According to IFA Magazine, the annual survey conducted by Research in Finance, nearly two-thirds (64%) of intermediaries believe the labels will increase their trust in sustainability claims. This sentiment is even stronger among wealth managers, with 78% expressing increased trust compared to 55% of financial advisers.
The study, which surveyed 202 intermediaries, also delves into the preferred use of the four new FCA labels. The Sustainability Focus label emerged as the most popular, with 54% of respondents indicating they would use it for screening purposes.
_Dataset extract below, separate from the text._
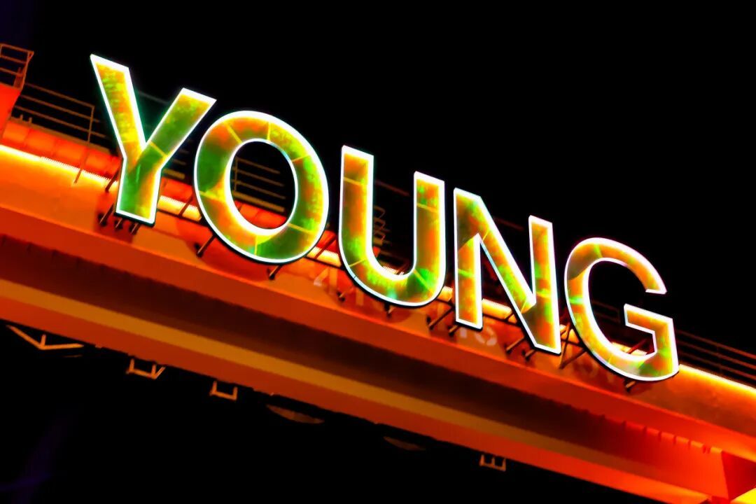 复兴岛上还精心打造了多个光影装置打卡点:艺术家光影装置《星蕴》灵感源自宇宙起源与光的传递,营造出万花筒般斑斓的视觉体验。沿江步道栏杆、塔吊、屋顶等空间定制主题灯牌,将“Y、O、U、N、G”五个字母贯穿整个滨江。
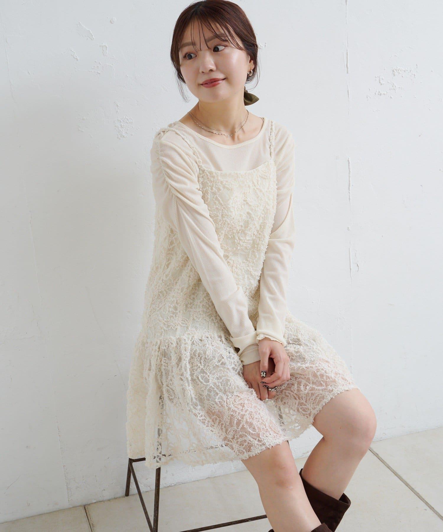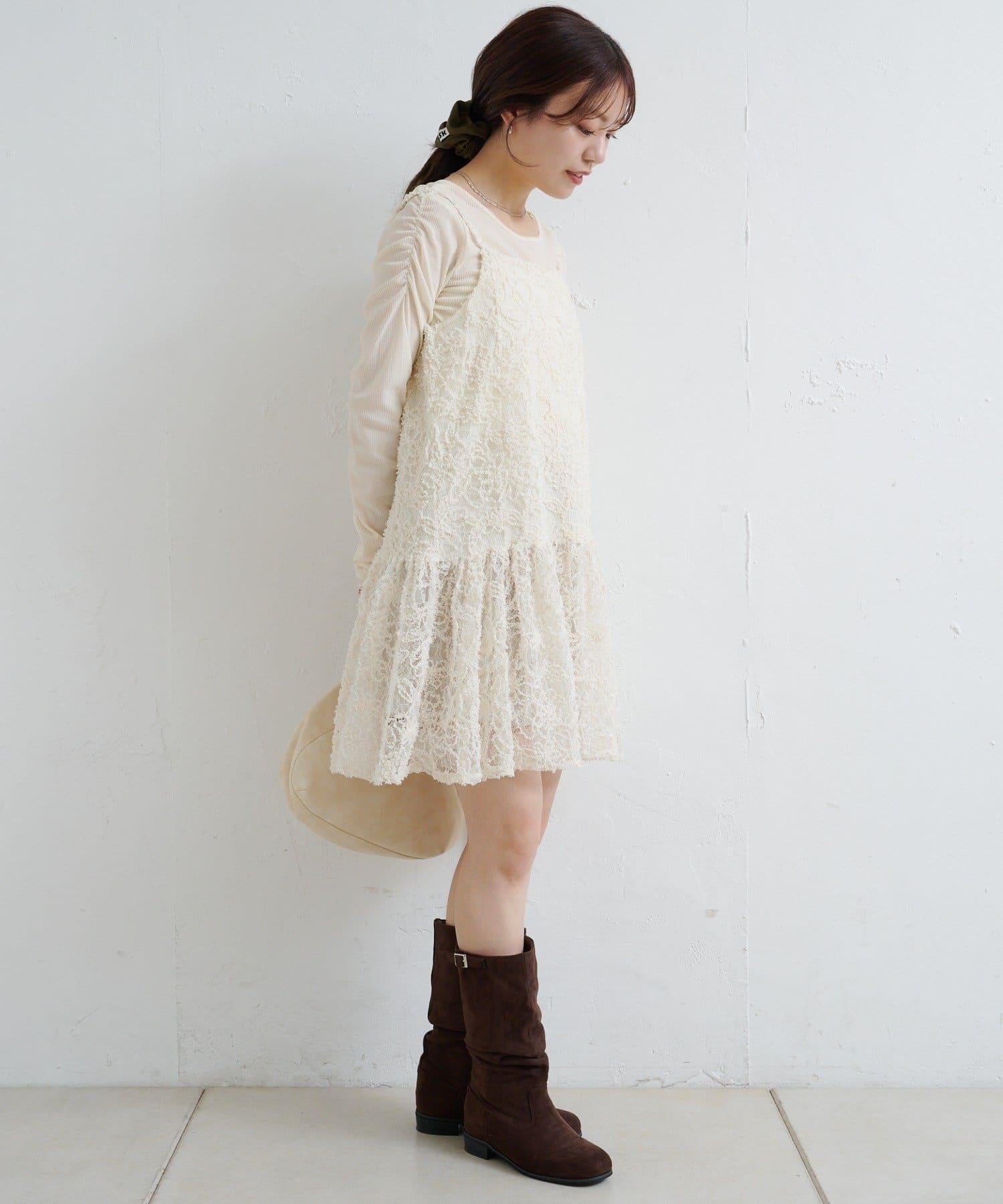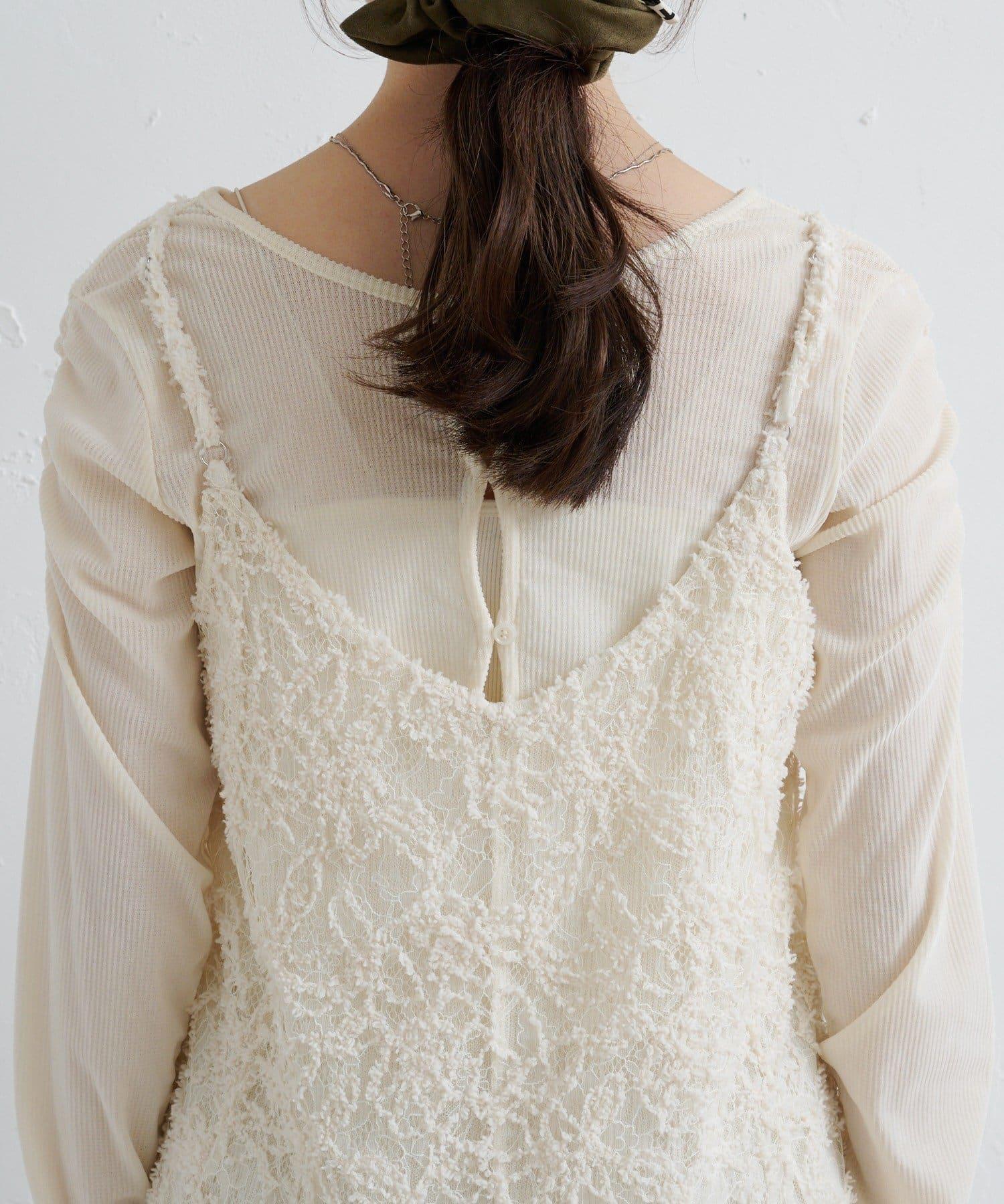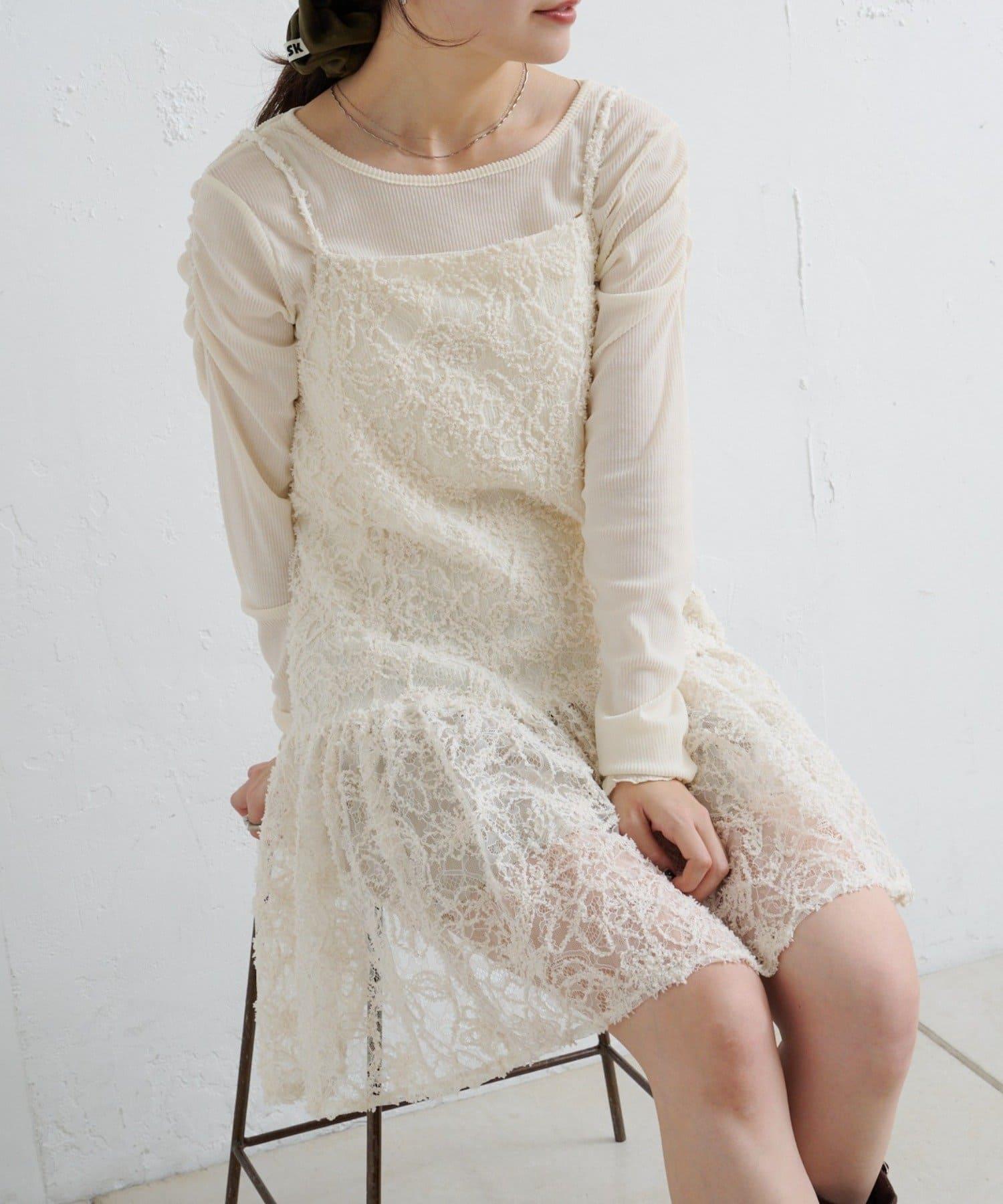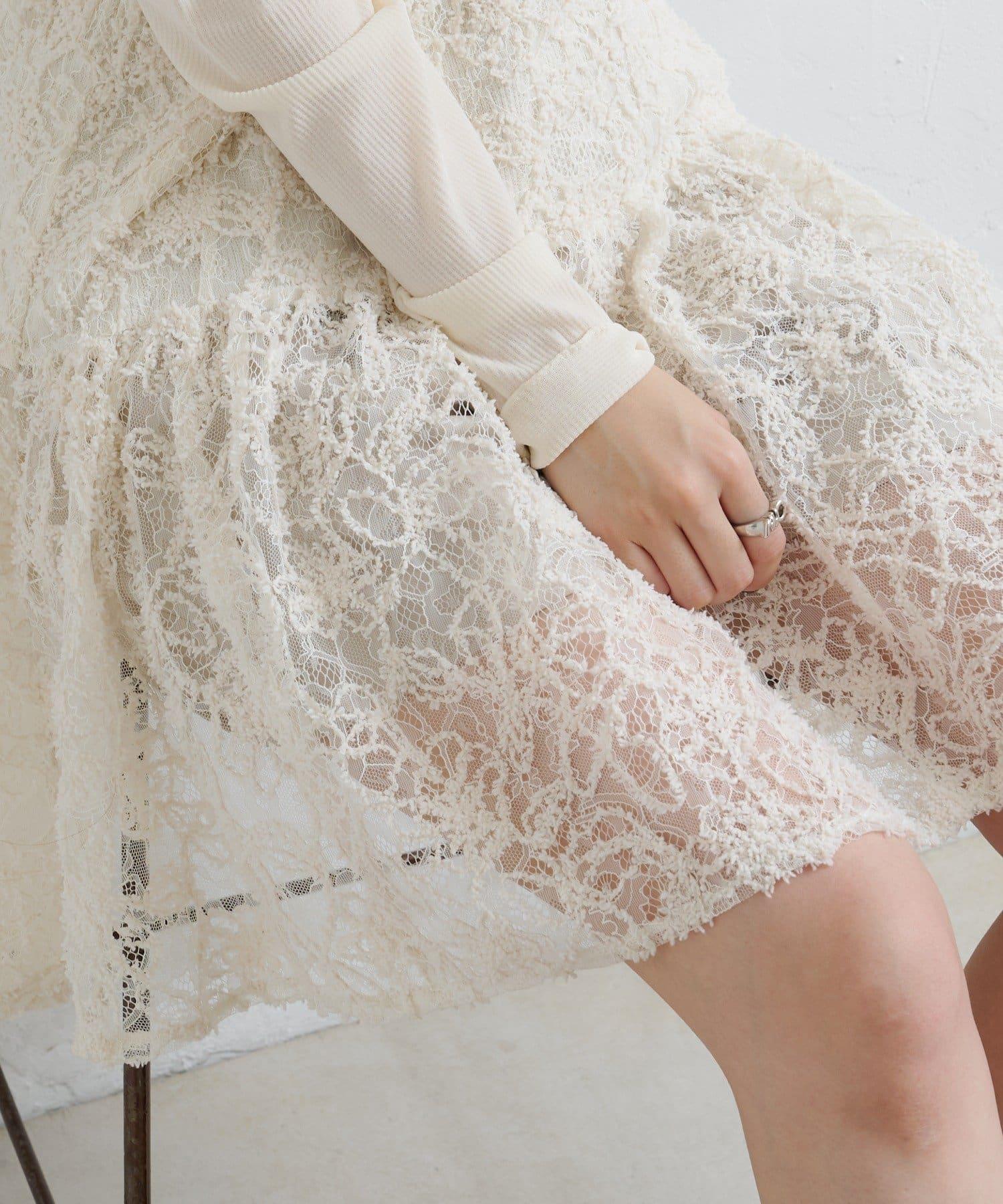 使用了精緻的蕾絲材料。如果與粗糙的表面摩擦,或被包、皮帶或尖銳物品夾住,蕾絲的縷線很容易浮起,可能會被割斷。請小心處理。

This was followed by the Sustainability Impact label at 52%, Sustainability Improvers at 47%, and Sustainability Mixed Goals at 37%.
Despite the positive reception, there are concerns regarding the limited number of funds currently bearing these labels and the potential impact on existing funds used by intermediaries. One wealth manager expressed uncertainty about the placement of their existing funds, especially those based outside the UK, highlighting the challenge of building a diversified portfolio under the new regime.
Private investors have also responded positively to the labels, with 63% stating they would trust sustainability claims more, rising to 71% among those already holding sustainable investments. Nick Britton, Research Director of the AIC, commented, “Advisers and wealth managers have given a cautious welcome to the FCA’s new labels; it’s clear they would increase trust and that many would use them for screening purposes. However, questions remain about whether the universe of labelled funds will be large and diverse enough to build a portfolio, as well as concerns about what happens to funds that have been presented as sustainable but don’t claim a label.”
The tracker also indicates a stabilising opinion on ESG investing, with 57% of intermediaries reporting no change in their views since last year. Additionally, 73% believe that investing should make a positive difference alongside providing financial returns. However, expectations regarding the performance of ESG investments have become more cautious, with only 19% expecting improved performance compared to 30% anticipating a decline.
Looking ahead, 60% of respondents forecast an increase in demand for ESG strategies over the next 12 months, although this growth appears to be slowing compared to previous years. The recommendation of sustainable funds remains steady at 89%, maintaining consistent client asset allocation in sustainable investments.